CAP TRADE-OFFS IN REAL SYSTEMS
═══════════════════════════════════════════════════════════════

CP SYSTEMS (Consistent, Partition-tolerant)
─────────────────────────────────────────────────────────────
During partition: Refuse some requests to maintain consistency

Examples:
    - Traditional RDBMS with synchronous replication
    - ZooKeeper
    - etcd (Kubernetes' brain)
    - MongoDB with majority write concern

Use when: Correctness matters more than availability
    - Financial transactions
    - Inventory systems
    - Coordination services

AP SYSTEMS (Available, Partition-tolerant)
─────────────────────────────────────────────────────────────
During partition: Accept requests, data may diverge

Examples:
    - Cassandra
    - DynamoDB (eventually consistent reads)
    - DNS
    - Caches

Use when: Availability matters more than immediate consistency
    - Shopping carts
    - Social media feeds
    - Metrics/logging

REALITY CHECK
─────────────────────────────────────────────────────────────
Most systems need BOTH consistency AND availability.
The choice is: which to sacrifice DURING a partition?

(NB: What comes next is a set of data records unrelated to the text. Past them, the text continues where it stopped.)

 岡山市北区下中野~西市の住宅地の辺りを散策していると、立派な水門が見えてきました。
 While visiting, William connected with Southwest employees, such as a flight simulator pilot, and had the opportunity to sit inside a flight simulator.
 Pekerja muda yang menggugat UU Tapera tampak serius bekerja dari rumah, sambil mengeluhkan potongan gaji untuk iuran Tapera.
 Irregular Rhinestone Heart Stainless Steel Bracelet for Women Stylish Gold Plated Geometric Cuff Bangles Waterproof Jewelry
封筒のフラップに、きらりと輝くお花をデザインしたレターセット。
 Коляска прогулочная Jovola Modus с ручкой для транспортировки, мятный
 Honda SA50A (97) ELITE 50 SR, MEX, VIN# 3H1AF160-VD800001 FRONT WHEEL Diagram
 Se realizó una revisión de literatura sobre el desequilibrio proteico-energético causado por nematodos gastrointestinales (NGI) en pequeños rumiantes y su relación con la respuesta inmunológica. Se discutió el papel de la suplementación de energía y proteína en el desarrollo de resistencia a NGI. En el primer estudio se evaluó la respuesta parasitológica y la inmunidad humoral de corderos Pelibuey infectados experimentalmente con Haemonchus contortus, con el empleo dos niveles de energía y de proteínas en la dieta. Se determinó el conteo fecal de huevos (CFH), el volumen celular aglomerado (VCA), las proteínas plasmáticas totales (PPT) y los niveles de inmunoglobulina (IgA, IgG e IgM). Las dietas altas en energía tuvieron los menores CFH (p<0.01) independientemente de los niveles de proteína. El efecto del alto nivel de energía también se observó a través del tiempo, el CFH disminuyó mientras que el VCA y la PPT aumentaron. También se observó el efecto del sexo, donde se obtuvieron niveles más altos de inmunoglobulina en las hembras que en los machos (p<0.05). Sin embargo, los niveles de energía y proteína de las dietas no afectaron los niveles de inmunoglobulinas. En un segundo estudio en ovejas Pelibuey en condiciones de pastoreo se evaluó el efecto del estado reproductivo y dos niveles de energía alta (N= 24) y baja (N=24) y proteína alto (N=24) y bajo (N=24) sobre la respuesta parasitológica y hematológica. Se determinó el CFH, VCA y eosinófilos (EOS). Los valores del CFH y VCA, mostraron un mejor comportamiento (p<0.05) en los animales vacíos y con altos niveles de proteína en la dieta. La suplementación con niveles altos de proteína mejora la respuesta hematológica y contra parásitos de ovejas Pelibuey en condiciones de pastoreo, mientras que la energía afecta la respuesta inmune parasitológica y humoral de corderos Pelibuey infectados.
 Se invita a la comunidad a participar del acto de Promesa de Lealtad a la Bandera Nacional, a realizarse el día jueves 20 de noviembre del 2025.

Partitions are rare but not rare enough to ignore.
Design for partition. Choose your trade-off deliberately.

3.3 Beyond CAP: PACELC

PACELC: A MORE COMPLETE MODEL
═══════════════════════════════════════════════════════════════

CAP only talks about partitions. But what about normal operation?

PACELC: If Partition, then Availability vs Consistency,
        Else, Latency vs Consistency

┌─────────────────────────────────────────────────────────────┐
│                                                             │
│   During Partition (P):                                     │
│       Choose A (availability) or C (consistency)            │
│                                                             │
│   Else (normal operation):                                  │
│       Choose L (latency) or C (consistency)                 │
│                                                             │
│   PA/EL: Available during partition, low latency normally   │
│          (Cassandra, DynamoDB)                              │
│                                                             │
│   PC/EC: Consistent during partition, consistent normally   │
│          (Traditional RDBMS, etcd)                          │
│                                                             │
│   PA/EC: Available during partition, consistent normally    │
│          (Some configs of MongoDB)                          │
│                                                             │
└─────────────────────────────────────────────────────────────┘

This model acknowledges that even in normal operation,
you trade latency for consistency (synchronous replication)
or consistency for latency (asynchronous replication).

Try This (3 minutes)

For each scenario, which trade-off makes sense?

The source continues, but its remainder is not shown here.